Identity calculation (with indels in range):

matched = 33
mismatched = 2
indels = 3 + 2 = 5 (if 3 and 2 are in range)
identity = (33 / (33 + 2 + 5)) × 100 = 82.4%

Window Overlap

Windows are non-overlapping partitions:

  • Sequence of 1000 motifs with window size 100 → 10 windows
  • Window 1: motifs 1-100
  • Window 2: motifs 101-200
  • Etc.

Each window is compared to every other window (including itself).


Output Interpretation

BED File Format

The output is in BED format with additional columns:

# Columns:                     Description:
# query_name                 Query sequence identifier
# query_start                Start position in query sequence
# query_end                  End position in query sequence
# reference_name             Reference sequence identifier
# reference_start            Start position in reference sequence
# reference_end              End position in reference sequence
# perID_by_events           Percent identity (0-100)

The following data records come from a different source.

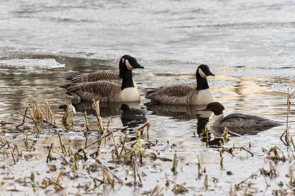 In urban settings, Canada Geese can grow bold. At the University of Birmingham Vale Hall of Residence site, the students who lived in the Wyddrington Hall would “revise” for their summer examinations around the lake which lay at the centre of the site, my wife-to-be among them. However, their studies would often be interrupted by the Canada Geese which had taken the site for their own and become quite aggressive on their territories. At Hogganfield Loch, the Canadas allow relatively close approach, in the winter at least. I like this useful scaling image with the tiny moorhen, the larger Goosander and the seriously chunky goose. At close approach, the textures of individual feathers are revealed.
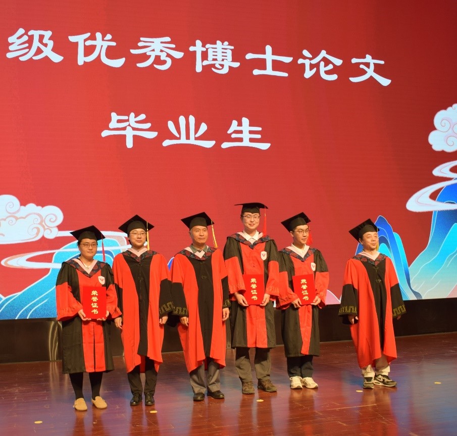党委书记闫雷宣读获得校级优秀博士论文毕业生名单,杨艳秋、王震中、刘建国为获奖毕业生颁发证书。
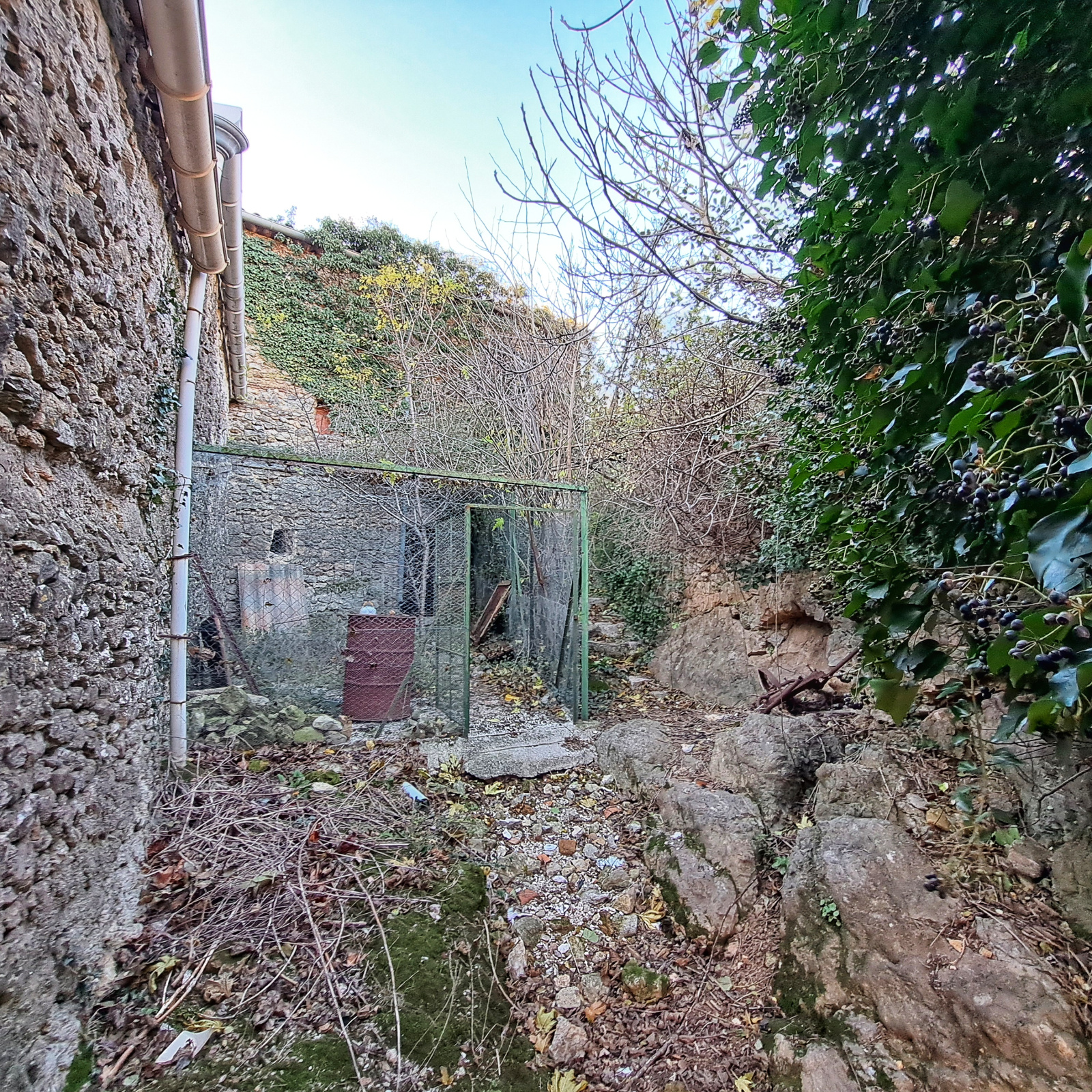 Vieille bâtisse en pierre à rénover. 56 m², terrain de 55m². Zone urbanisée.
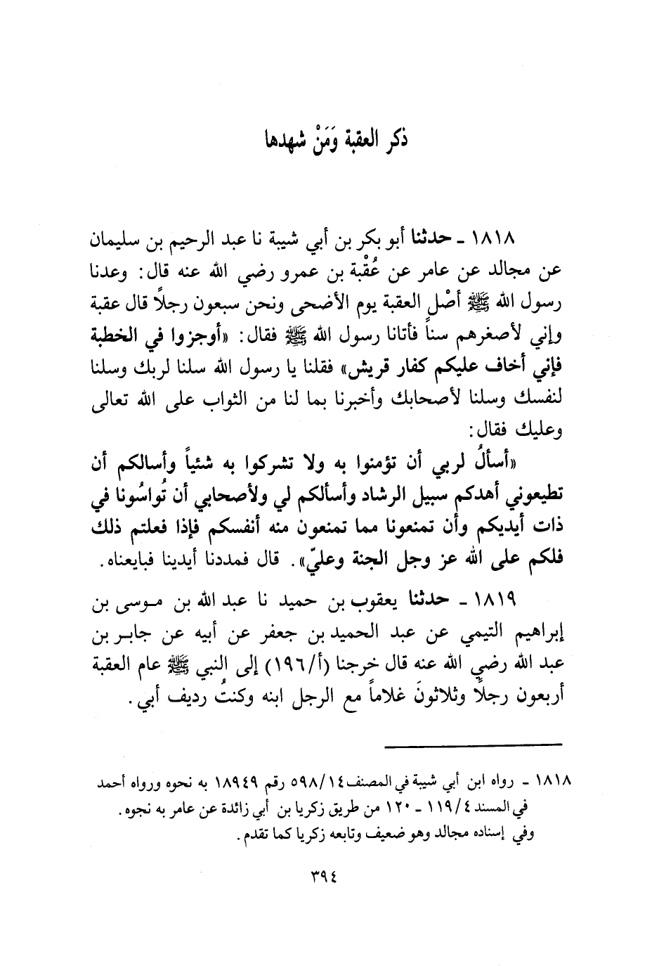 1818 - حَدَّثَنَا أَبُو بَكْرِ بْنُ أَبِي شَيْبَةَ، نا عَبْدُ الرَّحِيمِ بْنُ سُلَيْمَانَ، عَنْ مُجَالِدٍ، عَنْ عَامِرٍ، عَنْ عُقْبَةَ بْنِ عَمْرٍو، رَضِيَ اللَّهُ عَنْهُ قَالَ: وَعَدَنَا رَسُولُ اللَّهِ صَلَّى اللهُ عَلَيْهِ وَسَلَّمَ أَصْلَ الْعَقَبَةِ يَوْمَ الْأَضْحَى وَنَحْنُ سَبْعُونَ رَجُلًا قَالَ عُقْبَةُ: وَإِنِّي لَأَصْغَرُهُمْ سِنًّا، فَأَتَانَا رَسُولُ اللَّهِ صَلَّى اللهُ عَلَيْهِ وَسَلَّمَ فَقَالَ: «أَوْجِزُوا فِي الْخُطْبَةِ؛ فَإِنِّي أَخَافُ عَلَيْكُمْ كُفَّارَ قُرَيْشٍ» . فَقُلْنَا: " §يَا رَسُولَ اللَّهِ، سَلْنَا لِرَبِّكَ وَسَلْنَا لِنَفْسِكَ وَسَلْنَا لِأَصْحَابِكَ وَأَخْبِرْنَا بِمَا لَنَا مِنَ الثَّوَابِ عَلَى اللَّهِ تَعَالَى وَعَلَيْكَ. فَقَالَ: «أَسْأَلُ لِرَبِّي أَنْ تُؤْمِنُوا بِهِ وَلَا تُشْرِكُوا بِهِ شَيْئًا وَأَسْأَلُكُمْ أَنْ تُطِيعُونِي أَهْدِكُمْ سَبِيلَ الرَّشَادِ، وَأَسْأَلُكُمْ لِي وَلِأَصْحَابِي أَنْ تُوَاسُونَا فِي ذَاتِ أَيْدِيكُمْ، وَأَنْ تَمْنَعُونَا مِمَّا تَمْنَعُونَ مِنْهُ أَنْفُسَكُمْ، فَإِذَا فَعَلْتُمْ ذَلِكَ فَلَكُمْ عَلَى اللَّهِ عَزَّ وَجَلَّ الْجَنَّةُ وَعَلِيَّ» قَالَ: فَمَدَدْنَا أَيْدِيَنَا فَبَايَعْنَاهُ
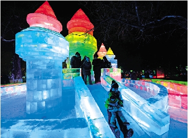 12月28日,孩子们在冰灯艺术游园会上游玩。当日,第39届中国·哈尔滨冰灯艺术游园会在高空焰火与LED天幕交相辉映下盛装开启,2000余件冰灯艺术精品炫彩亮相。哈尔滨冰灯游园会创办于1963年,迄今已成功举办38届。 新华社记者 王凯 摄 |
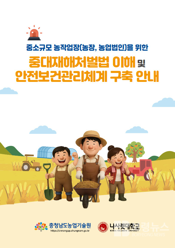 충남도 농업기술원은 농업 분야 특성을 반영한 ‘중대재해처벌법 이해 및 안전보건관리체계 구축 안내서’를 제작해 농업현장에 보급했다고 17일 밝혔다.
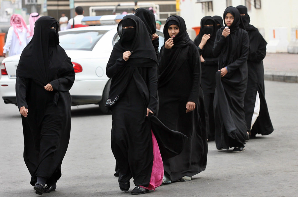 Saudi women cross a street in the holy city of Mecca in Saudi Arabia (HASSAN AMMAR/AFP/Getty)[/caption]

Note: The # header line is included for documentation.

Identity Values

  • 100%: Identical sequences (same window compared to itself)
  • High (90-99%): Very similar sequences
  • Medium (70-90%): Moderately similar, some variation
  • Low (50-70%): Distinct sequences
  • Very low (<50%): Highly divergent sequences

Using the Output

In UCSC Genome Browser:

# Convert to BED6 format for loading
# Remove header line
tail -n +2 identity_output.bed > identity_output_nohdr.bed

# Load in genome browser

In R (visualization):

library(GenomicRanges)
bed <- read.table("identity_output.bed", header=TRUE, sep="\t")
gr <- GRanges(seqnames=bed$query_name,
              ranges=IRanges(start=bed$query_start,
                            end=bed$query_end),
              identity=bed$perID_by_events)
# Plot heatmap, etc.

In Python (analysis):

import pandas as pd
import seaborn as sns

df = pd.read_csv("identity_output.bed", sep="\t", comment="#")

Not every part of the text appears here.